Opdivo gave me back my life. I was very sick when I underwent traditional chemotherapy. With Opdivo, I suffer a bit of fatigue on the day of the infusion and some minor tiredness on the day after the infusion, but that’s about all. (My thyroid no longer works properly, a common side effect, so I have to take levothyroxine every day … That means I constantly fight a weight problem, but that’s comparatively minor (and I do have to remind myself of that quite often!).)

When I reached treatment #75 or so, I began to look forward to a big centennial celebration!!! How many other patients are out there who can say they have gotten 75, much less 100, immunotherapy infusions? I wondered about that then. I still do wonder. How many of us are there who have basically been with the drug since inception?

When I finally reached treatment #90, it was a forgone conclusion that I soon would be joining the centennial club. And, I looked forward to it with relish. I’m not really quite sure why it seemed so important to me to get to that 100th treatment, but it was a goal I really wanted to reach.

A Bump in the Road

Imagine my shock and distress when I went to see my oncologist prior to receiving my 99th treatment and learned that I was being pulled out of the trial and I would not be getting any more Opdivo! After over four years, a tumor in a lymph node in my neck finally outsmarted the nivolumab. The drug was no longer controlling it. My doctor could not and would not continue the treatment.

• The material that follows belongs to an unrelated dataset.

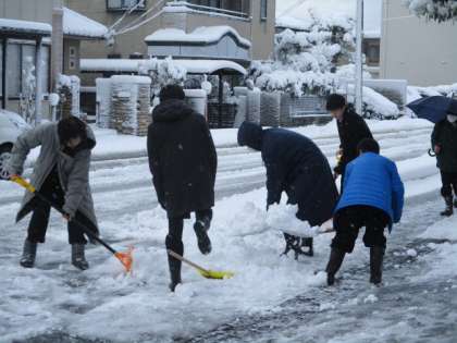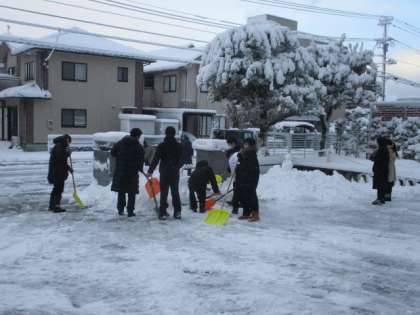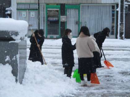 今朝は教職員と早くから登校した生徒と共に、玄関前の除雪を行いました。

What????!!! I cried. I rarely ever cry. But, I cried.

Most normal individuals would have cried because their cancer was once more on the move. Not goal-oriented me. Oh no! I cried because I was just two treatments away from reaching Infusion #100. My heart was set on it. It had been a foregone conclusion that I was going to be celebrating #100.  I was nearly frantic in trying to figure out how I could still get those two additional treatments (I never looked past Treatment #100. Treatment #101 held no awe for me … just that #100 was important.)

I’ve already blogged previously about this bump in the road. In short, after much consideration, I decided to have the growing tumor irradicated. I am slowly blogging about the process, if you’re interested in reading about the experience.

Sooooo … How did I Reach #100???

So, if I was pulled from the trial, a tumor was growing, and I went through a different course of treatment, you may be wondering how I managed to reach Infusion #100. Well, it is really simple!

My medical and radiation oncologists both agreed that I should resume Opdivo treatments after completing radiation. The drug has controlled the tumors in my lungs for about 4-1/2 years. The logic of the oncologists is that it would be foolish to abandon a protocol that I have responded to so well. The tumor that outsmarted the drug, the tumor I called Wayward Tumor, has presumably been killed with radiation so we only have to worry about the tumors in my lungs at this time.

I resumed Opdivo treatments at the end of September after a break of several months. My blood test results remain perfect. I continue to feel great after a treatment. We’re back in the saddle again!!!

Shine

Imagine my surprise when I arrived at the doctor to resume my Opdivo treatments and my oncologist, his nurse, and my nurse practitioner came in bearing a 100th Infusion gift. If I haven’t said it before (I have), I will say it now: I have the most awesome medical team ever!!!

Shine is perfect! The lady who designs the sculptures says this about Shine:
“Shine could be a congratulatory piece for a milestone reached, or a healing piece to show support and belief in someone. I wanted the form to be visually uplifting… a little reminder of personal goals, met. I embellished the surface with gold to suggest inner light and energy.”

Enough said! There’s absolutely nothing more I can add except, “Isn’t she beautiful?”